START Collected data
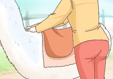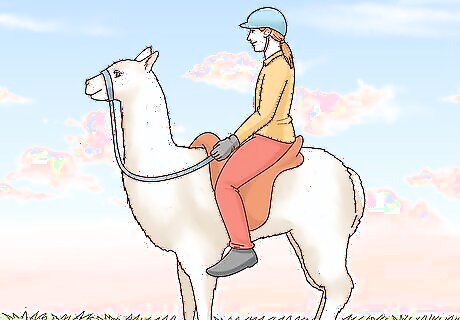 Put your hands at the withers (where the neck meets the body). Hoist yourself up onto the animal. Swing your leg over the top of the llama to settle onto the pack saddle. If you are too short to get onto the llama, try using a footstool for leverage. Make sure you are secure in the saddle. If you aren't comfortable, adjust your position.
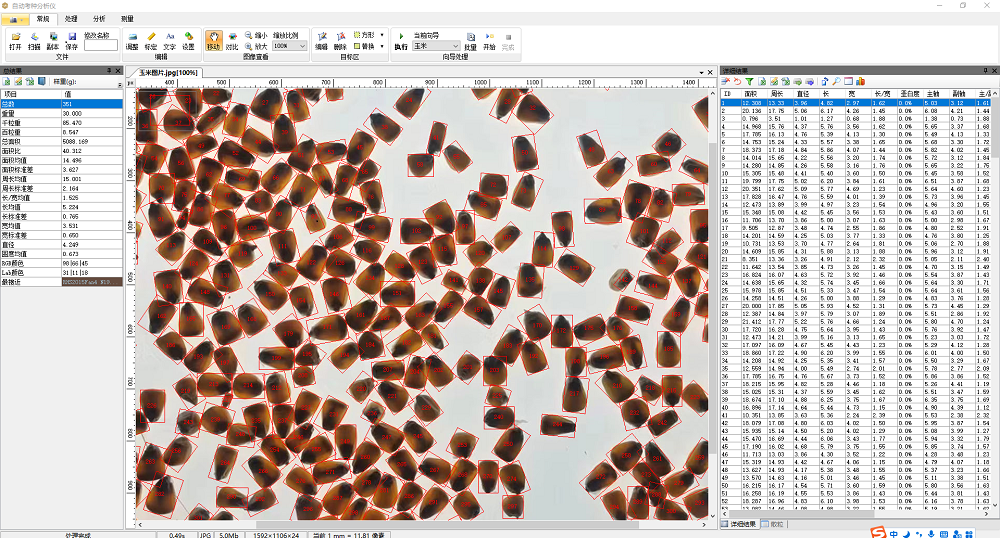 5、能自動測出各類粘連種粒的每粒粒形參數(shù)(長、寬、長寬比、面積、等效直徑、周長等),能精準(zhǔn)顯示種粒外接矩形,并可自動排序輸出,及可輸出粒徑分布圖表。
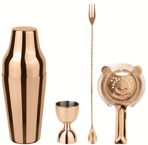 Paderno Parisian Shaker 4 Dele i Kopper bringer professionel barkvalitet direkte ind i dit hjem med et elegant og funktionelt design. Dette komplette barsæt er fremstillet i rustfrit stål med en spejlblank finish, der understreger materialets høje kvalitet og giver ethvert barområde et eksklusivt udtryk.Det karakteristiske ved denne Parisian-serie er den imponerende spejleffekt, som opnås gennem en omhyggelig polering med tilsætningsstoffer og mekaniske børster fremstillet af forskellige materialer. Denne proces glatter det rustfrie stål og giver det en ekstraordinær højglans, der fanger lyset på en måde, som løfter både form og design. Refleksionerne i overfladen beriger produktet visuelt og skaber en æstetik, der signalerer kvalitet og stil.
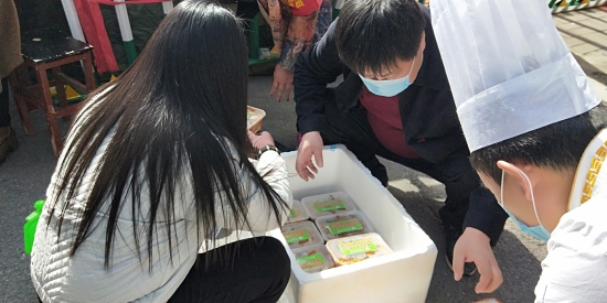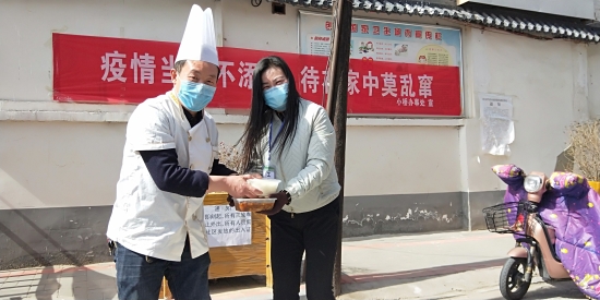 2月22日中午,川匯區(qū)小橋辦事處高莊社區(qū)疫情防控值勤卡點(diǎn)迎來盛世宴賓樓的大廚們,他們帶著熱騰騰的午餐前來慰問值勤人員,為抗疫一線工作者改善伙食。盛世宴賓樓負(fù)責(zé)人智廣旭告訴記者,社區(qū)疫情防控工作緊張忙碌,他好幾次看到值勤卡點(diǎn)的工作人員用方便面對付一日三餐,心里很感動(dòng)也很難受,所以飯店決定在疫情結(jié)束之前連續(xù)贈(zèng)送午餐晚餐,“讓社區(qū)卡點(diǎn)的同志吃好點(diǎn)”。
END Collected data
Work required -> Copy out every line of the data exactly, leaving the images behind.

Finished exercise ->
 Put your hands at the withers (where the neck meets the body). Hoist yourself up onto the animal. Swing your leg over the top of the llama to settle onto the pack saddle. If you are too short to get onto the llama, try using a footstool for leverage. Make sure you are secure in the saddle. If you aren't comfortable, adjust your position.
 5、能自動測出各類粘連種粒的每粒粒形參數(shù)(長、寬、長寬比、面積、等效直徑、周長等),能精準(zhǔn)顯示種粒外接矩形,并可自動排序輸出,及可輸出粒徑分布圖表。
 Paderno Parisian Shaker 4 Dele i Kopper bringer professionel barkvalitet direkte ind i dit hjem med et elegant og funktionelt design. Dette komplette barsæt er fremstillet i rustfrit stål med en spejlblank finish, der understreger materialets høje kvalitet og giver ethvert barområde et eksklusivt udtryk.Det karakteristiske ved denne Parisian-serie er den imponerende spejleffekt, som opnås gennem en omhyggelig polering med tilsætningsstoffer og mekaniske børster fremstillet af forskellige materialer. Denne proces glatter det rustfrie stål og giver det en ekstraordinær højglans, der fanger lyset på en måde, som løfter både form og design. Refleksionerne i overfladen beriger produktet visuelt og skaber en æstetik, der signalerer kvalitet og stil.
 2月22日中午,川匯區(qū)小橋辦事處高莊社區(qū)疫情防控值勤卡點(diǎn)迎來盛世宴賓樓的大廚們,他們帶著熱騰騰的午餐前來慰問值勤人員,為抗疫一線工作者改善伙食。盛世宴賓樓負(fù)責(zé)人智廣旭告訴記者,社區(qū)疫情防控工作緊張忙碌,他好幾次看到值勤卡點(diǎn)的工作人員用方便面對付一日三餐,心里很感動(dòng)也很難受,所以飯店決定在疫情結(jié)束之前連續(xù)贈(zèng)送午餐晚餐,“讓社區(qū)卡點(diǎn)的同志吃好點(diǎn)”。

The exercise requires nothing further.